EXERCISE PROMPT: Within the listing that follows, reproduce exactly the lines starting at the line with "Two swimming babes" and ending at the line with "姐妹倆爭(zhēng)樹(s", inclusive, and only those. Pictures are dropped.

TASK INPUTS:
::::::::::

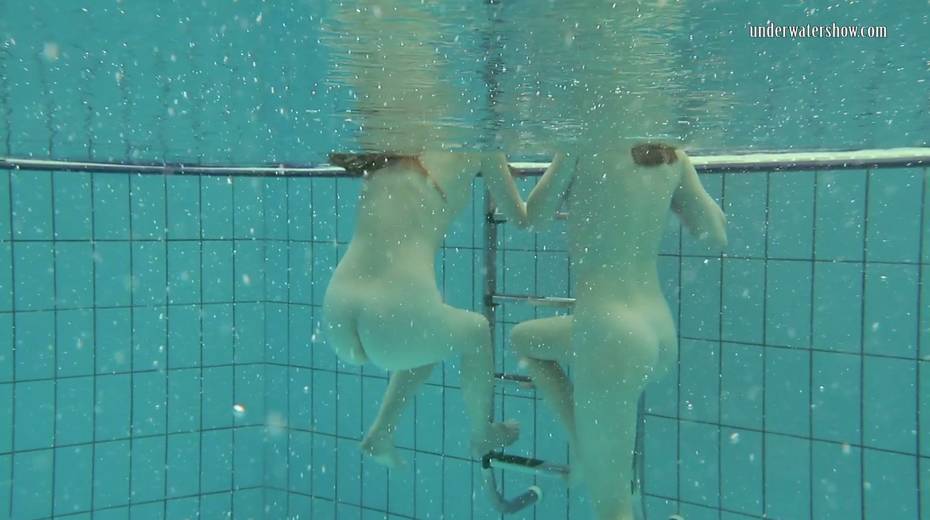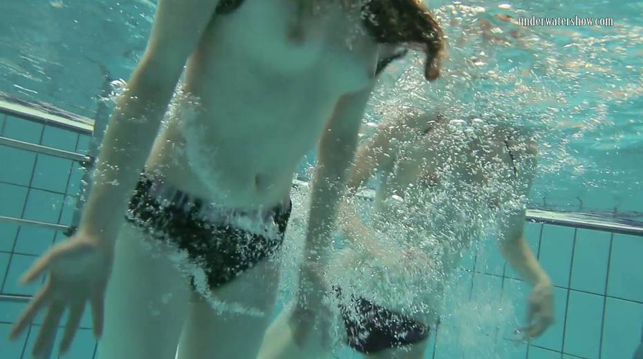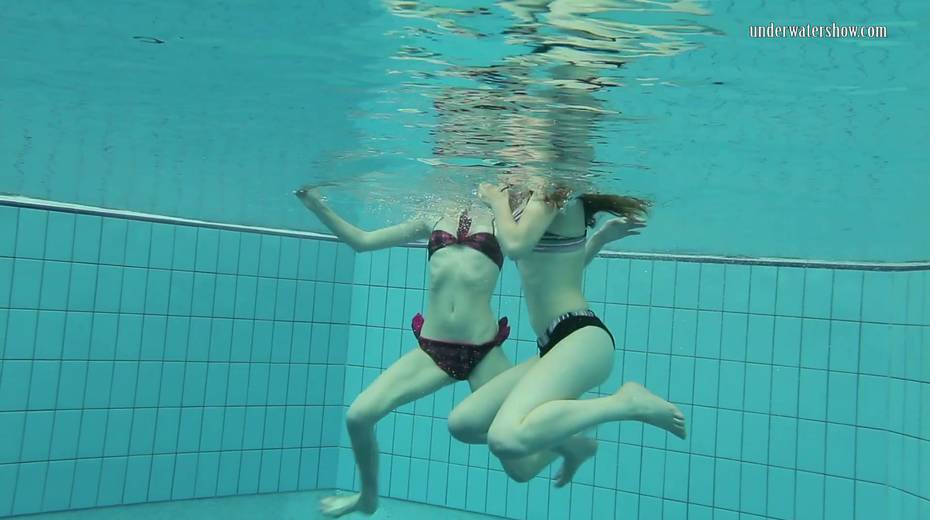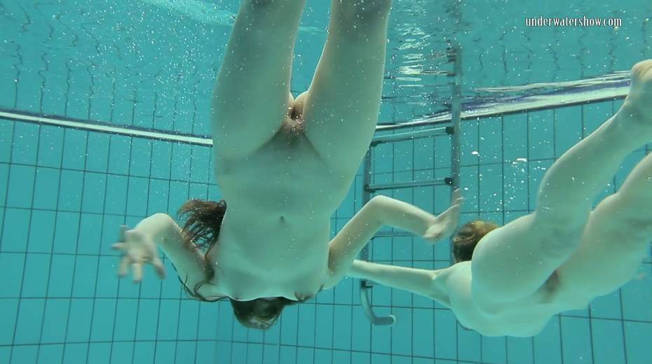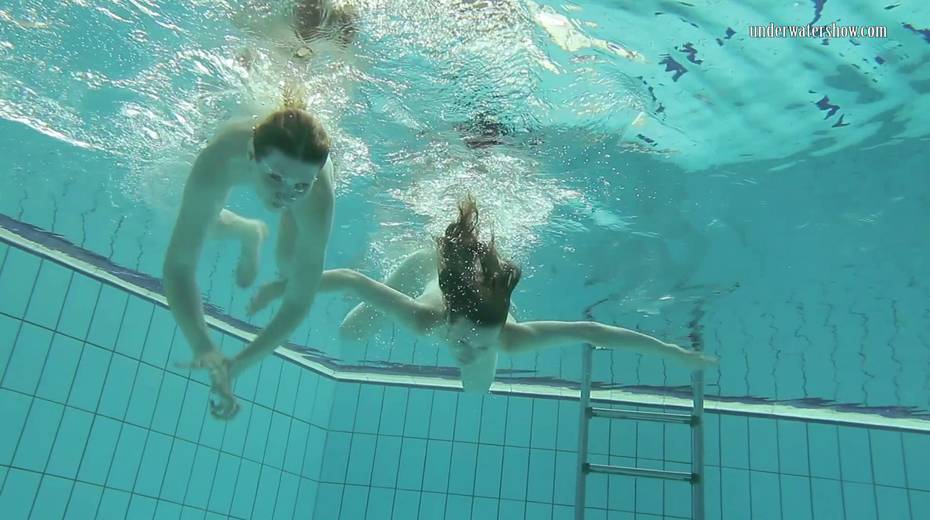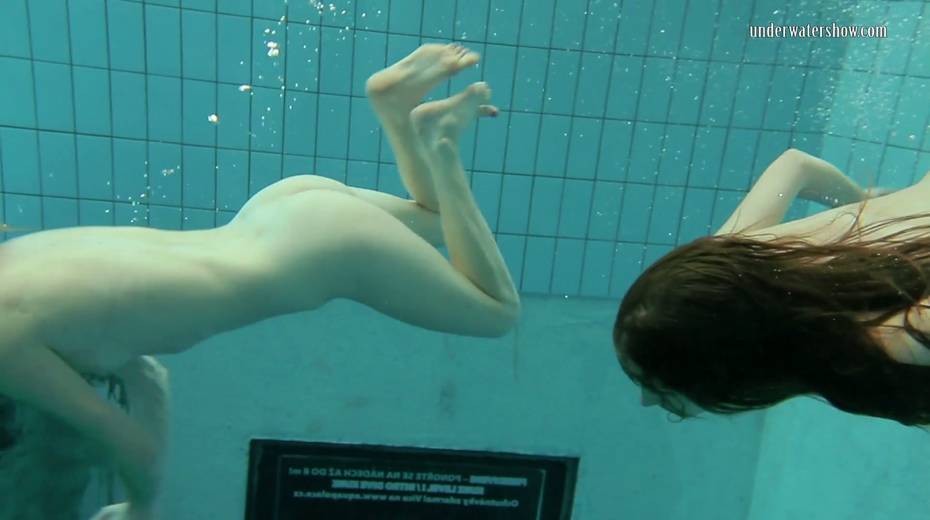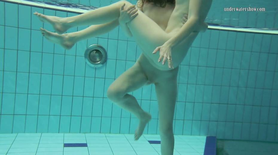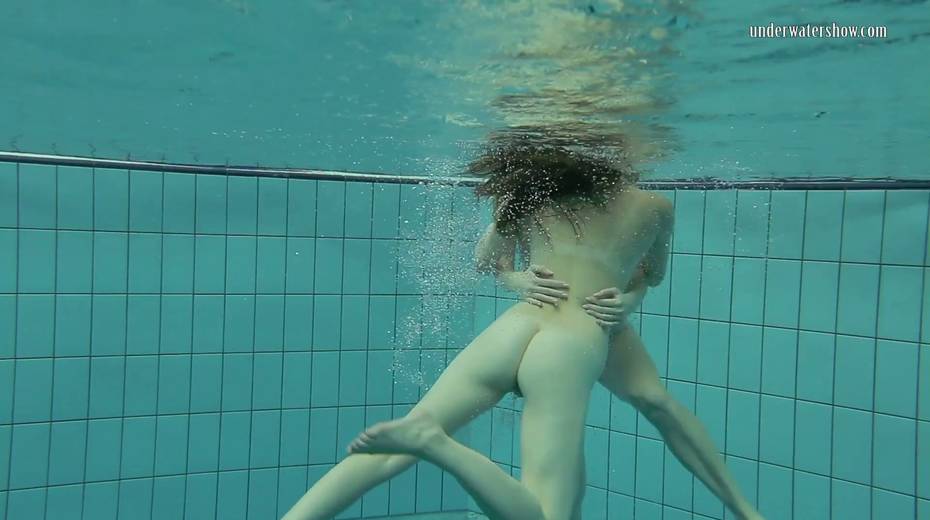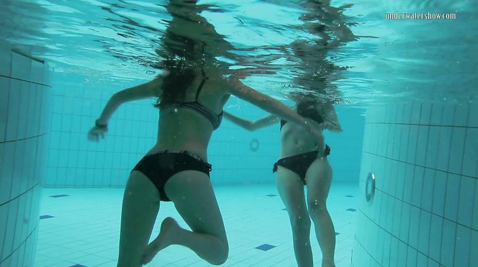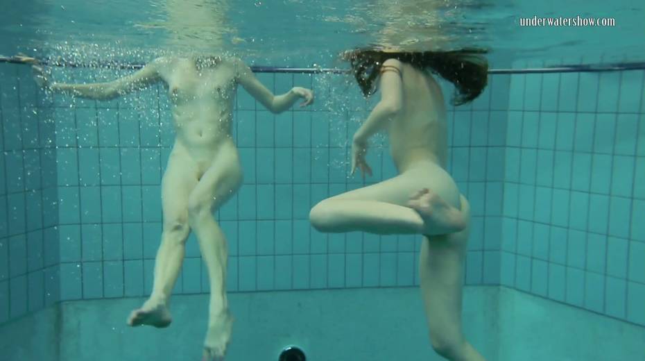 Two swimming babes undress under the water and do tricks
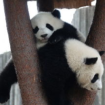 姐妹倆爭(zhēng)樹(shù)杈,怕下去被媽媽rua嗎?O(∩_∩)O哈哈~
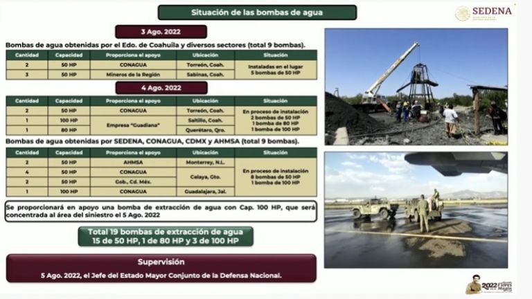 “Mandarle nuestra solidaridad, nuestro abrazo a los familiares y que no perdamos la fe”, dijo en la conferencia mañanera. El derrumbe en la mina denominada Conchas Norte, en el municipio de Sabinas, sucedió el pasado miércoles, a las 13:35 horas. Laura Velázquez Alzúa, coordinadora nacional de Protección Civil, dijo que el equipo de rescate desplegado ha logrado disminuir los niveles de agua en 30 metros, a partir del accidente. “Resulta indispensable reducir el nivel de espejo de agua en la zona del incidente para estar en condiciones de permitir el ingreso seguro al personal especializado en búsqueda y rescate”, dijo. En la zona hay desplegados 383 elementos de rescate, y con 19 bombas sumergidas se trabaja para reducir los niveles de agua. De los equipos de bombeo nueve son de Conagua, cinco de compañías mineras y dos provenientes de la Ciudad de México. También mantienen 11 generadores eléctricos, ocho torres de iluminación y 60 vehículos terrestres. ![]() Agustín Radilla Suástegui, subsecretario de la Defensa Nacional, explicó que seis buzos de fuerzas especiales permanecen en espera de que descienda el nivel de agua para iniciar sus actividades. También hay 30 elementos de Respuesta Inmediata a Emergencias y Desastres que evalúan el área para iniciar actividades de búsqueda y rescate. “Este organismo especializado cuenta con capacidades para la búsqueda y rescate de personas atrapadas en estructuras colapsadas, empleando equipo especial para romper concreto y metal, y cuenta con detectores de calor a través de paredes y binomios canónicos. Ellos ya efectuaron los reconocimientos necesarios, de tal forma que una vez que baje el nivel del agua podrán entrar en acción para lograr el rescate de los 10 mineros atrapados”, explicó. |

::::::::::

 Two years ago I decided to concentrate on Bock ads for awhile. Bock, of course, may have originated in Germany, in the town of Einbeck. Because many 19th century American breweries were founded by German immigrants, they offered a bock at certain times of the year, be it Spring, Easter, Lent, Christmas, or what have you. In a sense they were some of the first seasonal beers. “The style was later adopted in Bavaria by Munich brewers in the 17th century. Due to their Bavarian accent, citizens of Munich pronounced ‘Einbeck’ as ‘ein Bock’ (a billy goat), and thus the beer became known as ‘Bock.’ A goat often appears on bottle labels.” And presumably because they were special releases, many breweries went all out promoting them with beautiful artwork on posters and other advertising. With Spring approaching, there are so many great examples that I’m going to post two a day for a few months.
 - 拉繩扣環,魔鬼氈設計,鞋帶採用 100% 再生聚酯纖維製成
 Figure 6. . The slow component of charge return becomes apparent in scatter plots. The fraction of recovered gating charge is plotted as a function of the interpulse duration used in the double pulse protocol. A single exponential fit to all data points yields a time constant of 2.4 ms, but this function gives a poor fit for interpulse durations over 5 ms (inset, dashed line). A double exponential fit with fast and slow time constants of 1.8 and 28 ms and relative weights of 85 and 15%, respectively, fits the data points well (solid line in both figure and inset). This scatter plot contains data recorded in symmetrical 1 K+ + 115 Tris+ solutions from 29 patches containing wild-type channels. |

::::::::::

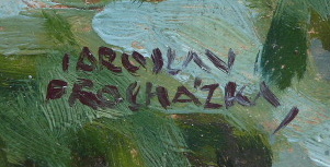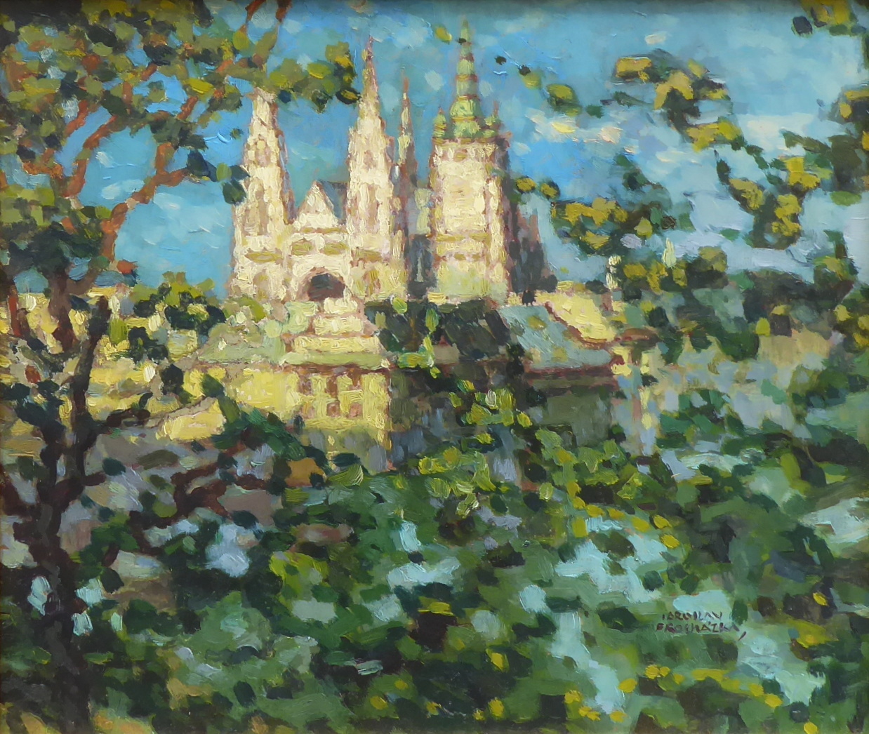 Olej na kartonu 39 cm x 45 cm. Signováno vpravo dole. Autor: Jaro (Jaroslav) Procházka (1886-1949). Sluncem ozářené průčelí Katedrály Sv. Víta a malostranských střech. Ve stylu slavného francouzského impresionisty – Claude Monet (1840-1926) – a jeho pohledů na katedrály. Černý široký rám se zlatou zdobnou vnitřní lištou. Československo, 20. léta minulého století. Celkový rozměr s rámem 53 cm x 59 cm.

::::::::::

REPLY:
 Two swimming babes undress under the water and do tricks
 姐妹倆爭(zhēng)樹(shù)杈,怕下去被媽媽rua嗎?O(∩_∩)O哈哈~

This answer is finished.